Reexamining the role of race in kidney health
When doctors want to know how well your kidneys are doing, they measure something called your GFR, or glomerular filtration rate.
To do that, doctors measure waste products in your bloodstream, among other factors.
Dr. Stephen Seliger, a nephrologist at the University of Maryland Medical Center, says the amount of waste product in your blood tends to reflect how much muscle you have.
So when calculating your GFR, doctors also take your age and sex into account.
“On average, younger people have more muscle for the same body weight.
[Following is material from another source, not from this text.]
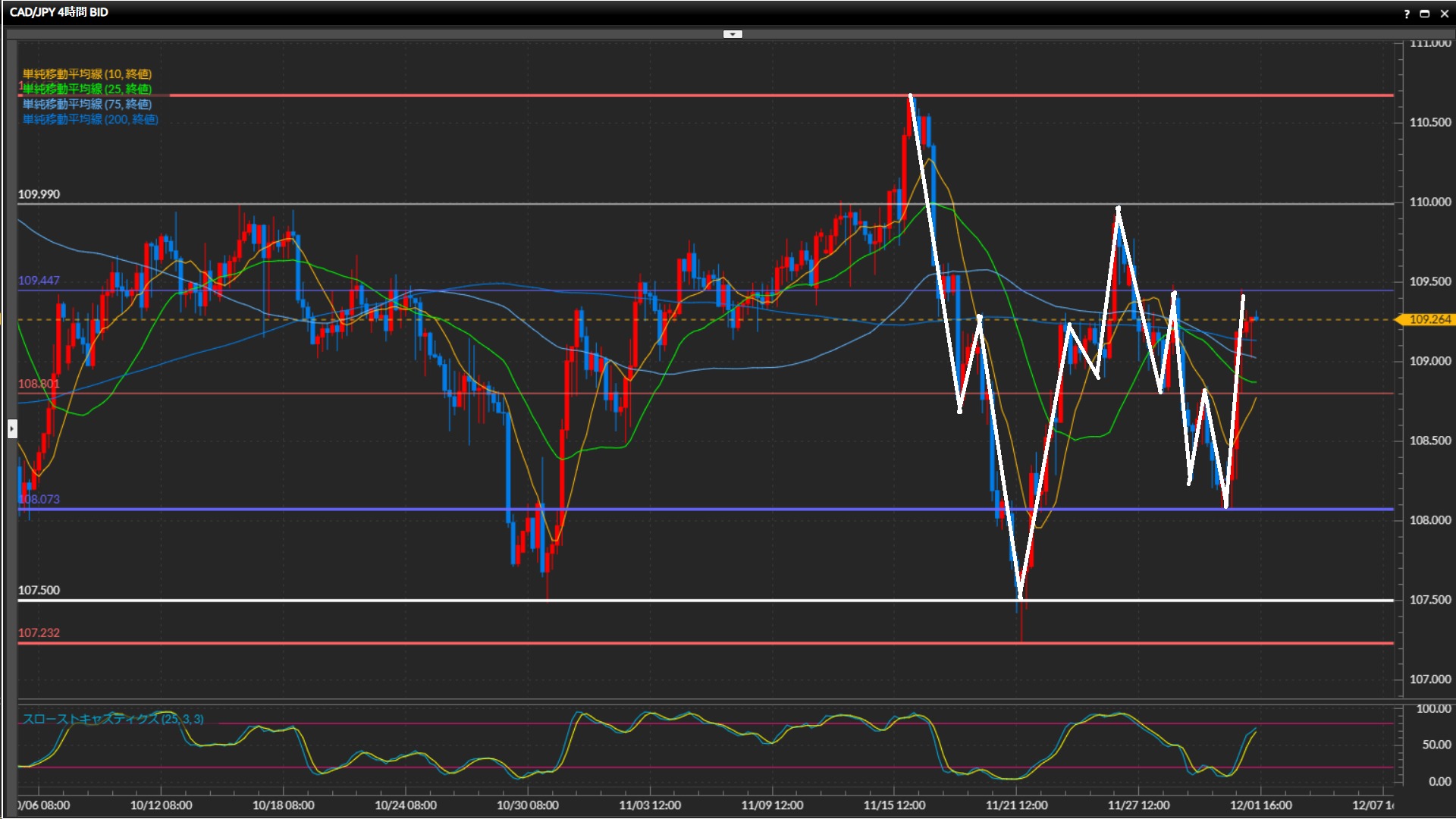 - 加ドル円は日足はレンジ、4時間足は下目線終了、1時間足は上目線終了。

On average, men have more muscle for the same age and body weight than women,” Seliger said.
But in addition to age and sex, doctors also used race – that is, whether you are African American or not – to calculate your GFR.
“It was long assumed…that people whose ancestry derived from Africa also had more muscle than people whose ancestry derived, say, from Europe,” Seliger said.
For decades, hospitals factored in a patient’s race – specifically, whether or not they were Black – to calculate a patient’s kidney health.
Doctors at the University of Maryland Medical System (UMMS) recently stopped this practice, saying it has no scientific basis. It was one of the earliest health systems to do so. In the past several weeks, more health systems, including Johns Hopkins, have done the same.
Dr. Joseph Wright, the chief health equity officer at UMMS, said doctors cannot rely on race, a social construct, to accurately calculate a biological function.
“How someone looks does not really ascribe to a biologic proxy of what's going on in the person's body,” he said.
Seliger said the race-based algorithm tended to overestimate how well Black patients’ kidneys were working.
“It might lead to delayed recognition in them having advanced or more end-stage kidney disease, the kind of severity of kidney disease that, for example, would otherwise trigger consideration of kidney transplantation,” Seliger said.
He said changing the race-based algorithm, which went into effect earlier this year, did not happen overnight.
Shortly before UMMS announced the change last year, a task force formed by the National Kidney Foundation and the American Society of Nephrology recommended that doctors stop including race when estimating kidney function.
Seliger said along with this national push was a cultural shift at UMMS.
“You have a new generation of physicians, physicians-in-training, who are increasingly part of a clearly multiethnic society,” he said.
He said that helped UMMS change its practices more quickly than many other health systems.
Wright said this algorithm is just a first step for him and his colleagues in reexamining the role of race in medicine.
“We are a generation of physicians and health professionals who have grown up with these assumptions baked into our training and education,” he said.
It’s these assumptions that affect Black patients like Uchenna Ndubisi from Prince George’s County.
She got on the kidney transplant waitlist while at the University of Maryland Medical Center, when the race-based algorithm was still in use.
“I was lucky to have a really great nephrologist,” Ndubisi said. “But not everybody is able to have… the access to healthcare that I was able to get.
If she had a different nephrologist who only considered her GFR, she said things could have been very different.
“If I didn't get the good care in time, I could have ended up being really sick, sent to the hospital and then put on hemodialysis which would completely change my day to day life,” she said.
Ndubisi said because she is a physical therapist and has doctors in her family, it was easier for her to advocate for her needs as a patient.
“Being the best patient advocate that you can for yourself is super important,” she said. “And I don't know if a lot of patients know that.”
And Ndubisi added that bridging health inequities means having more doctors who look like her, and who can listen to patients of all backgrounds.